I’ve received an adequate education in my time living here. Papa believed that giving us such would ensure that we could hold intelligent conversations with the judges, lawyers, senators and other esteemed members of society we were forced to spend time with. I must play many roles in the differing arenas I am forced to perform in—whore, therapist, hostess, confidant. Papa would never allow his reputation as the purveyor of only the finest, most beautiful, most obedient of women to be questioned or repudiated.

This can come in handy during the webcam shows. It’s amazing how many lonely men out there just want someone to talk to, who are willing to pay for a fantasy for a brief time.

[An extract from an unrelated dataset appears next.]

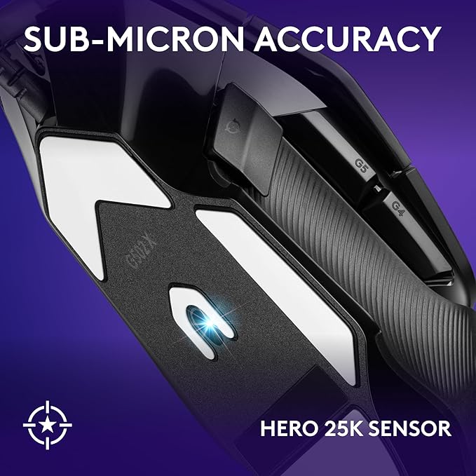 - G502 X includes sub-micron HERO 25K sensor to track movement with zero smoothing, filtering, or acceleration with pinpoint accuracy for high performance precision and control

Most hide their faces; the screen kept black, only their voice coming through to order me.Turn this way. Squeeze your breasts. Whip your cunt.DaddyG69, for example. Always hiding away, but one of the more sadistic examples. He regularly fantasizes about lighting droplets of oil placed around my body on fire. Thinking of him draws a shiver of revulsion from deep within.

Some don’t care; they want me to see them, to watch them back as they jack off to me.

And others wear a mask.

I play my part, being what they want me to be. I’ll wear an apron and gorge on cakes. I’ll talk dirty and fuck my fingers. I’ll be their girlfriend.

The ones that just want to talk are the easiest; all they want is the illusion of intimacy, of thinking—even if just for a little while—that someone in this cruel world cares about them.

A new client started a few weeks ago. At first, he kept the screens dark, hiding himself as he asked me questions about myself. He kept coming back, day after day, and for the first time in my life, I found myself growing curious. Who is this man that acts as if he wants to actually know me? Who isn’t looking for a fantasy?

It took a week of gentle persuasion, but I finally got him to open up a little about himself. He told me that he is recently out of a long-term relationship, that she left him for two other men.

He speaks of a childhood of abuse and neglect. Of never being seen.

His screen name, TheUnseen1, begins to make sense as he tells me more about himself. I listened, filing away the little things he told me, finding myself intrinsically drawn to him, to my shock and dismay. Men are users; abusive, vile, disgusting.

And yet—something draws me in. Is that strange? Unnatural? How is it that I can feel connected to someone that I have never seen? The black screen seemed to mock me, taunting me with my own uncertainties.

Until one day, while discussing deeper topics like the meaning of life and our role in the universe, the blank screen flickered to life. My back had straightened, hopeful to finally get a glimpse of the mystery man that fascinated me so.

Instead, I was confronted with a view of hundreds of white roses, spilling across the tabletop and draping from windowsills. His voice, deep and resonant, slid like silk out from the speakers, promising that he will come for me—the roses are his covenant, his vow to me.

I could easily fall asleep to that voice. In between sessions I forget the power it seems to have over me, like he’s the Pied Piper, pulling my soul from me, wrapping it around himself until I see and hear nothing but him.

It can take hours for my head to clear from our time together, to pull myself back into the reality of what my life really is. Torment, humiliation, fear, agony. And then I remember that I’m no one special. I’m not a princess trapped in a tower, waiting for her prince to rescue her.

I’m just a whore, forced to serve at men’s pleasure by a man that by all accounts should be roasting in the fiery depths of hell.

A small, secret part of me keeps that tiny scrap of hope alive though. Maybe he means what he says. Maybe he will come, and my sisters and I will be safe.

Or, perhaps, I’ll need to find a way to do it myself. Free me and my sisters from the monsters that surround us, snapping and biting, herding us into a prison of their making.

Pulling myself up from the bed, I scrub my hands over my face. It feels like I’m the only one doing any work around here lately. Momma has an extensive chore list made up for me, and now that I’ve finished the webcams for the day, it’s time to do some housework.